##### DATA RECORDS

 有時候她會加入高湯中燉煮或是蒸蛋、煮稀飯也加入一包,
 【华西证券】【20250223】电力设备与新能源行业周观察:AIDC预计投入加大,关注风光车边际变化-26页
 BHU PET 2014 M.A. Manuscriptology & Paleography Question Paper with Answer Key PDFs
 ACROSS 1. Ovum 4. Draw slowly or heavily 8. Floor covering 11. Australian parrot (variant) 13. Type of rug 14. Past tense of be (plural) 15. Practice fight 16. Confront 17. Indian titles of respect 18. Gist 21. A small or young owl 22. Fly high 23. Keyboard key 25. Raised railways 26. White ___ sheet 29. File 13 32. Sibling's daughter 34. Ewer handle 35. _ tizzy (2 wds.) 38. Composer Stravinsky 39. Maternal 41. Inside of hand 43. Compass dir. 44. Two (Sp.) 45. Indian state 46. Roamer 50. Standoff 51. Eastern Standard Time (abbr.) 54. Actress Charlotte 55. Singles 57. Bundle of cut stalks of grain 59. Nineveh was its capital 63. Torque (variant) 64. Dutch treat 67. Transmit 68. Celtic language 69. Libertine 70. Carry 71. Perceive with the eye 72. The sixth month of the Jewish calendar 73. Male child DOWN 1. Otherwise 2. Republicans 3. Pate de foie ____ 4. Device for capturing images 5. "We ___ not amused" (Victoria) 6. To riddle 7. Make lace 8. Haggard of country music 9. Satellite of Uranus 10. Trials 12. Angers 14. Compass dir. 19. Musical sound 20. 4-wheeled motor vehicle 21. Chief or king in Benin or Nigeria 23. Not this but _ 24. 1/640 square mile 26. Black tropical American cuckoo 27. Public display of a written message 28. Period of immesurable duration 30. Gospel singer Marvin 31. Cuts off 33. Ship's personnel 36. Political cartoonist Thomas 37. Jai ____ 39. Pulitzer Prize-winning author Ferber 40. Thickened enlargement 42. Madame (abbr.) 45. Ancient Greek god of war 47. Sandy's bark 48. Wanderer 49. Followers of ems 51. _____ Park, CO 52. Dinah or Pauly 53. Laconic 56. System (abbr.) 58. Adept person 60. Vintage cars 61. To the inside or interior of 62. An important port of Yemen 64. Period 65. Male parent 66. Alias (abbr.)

##########
##### DATA RECORDS

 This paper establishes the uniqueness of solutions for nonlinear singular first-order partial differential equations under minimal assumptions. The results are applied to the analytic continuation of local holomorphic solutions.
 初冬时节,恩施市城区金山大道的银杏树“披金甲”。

##########

» **YOUR OBJECTIVE**
Looking at the records above, count the lines where the word "with" appears. State only the number.

» **SOLUTION FOR THIS EXERCISE**
2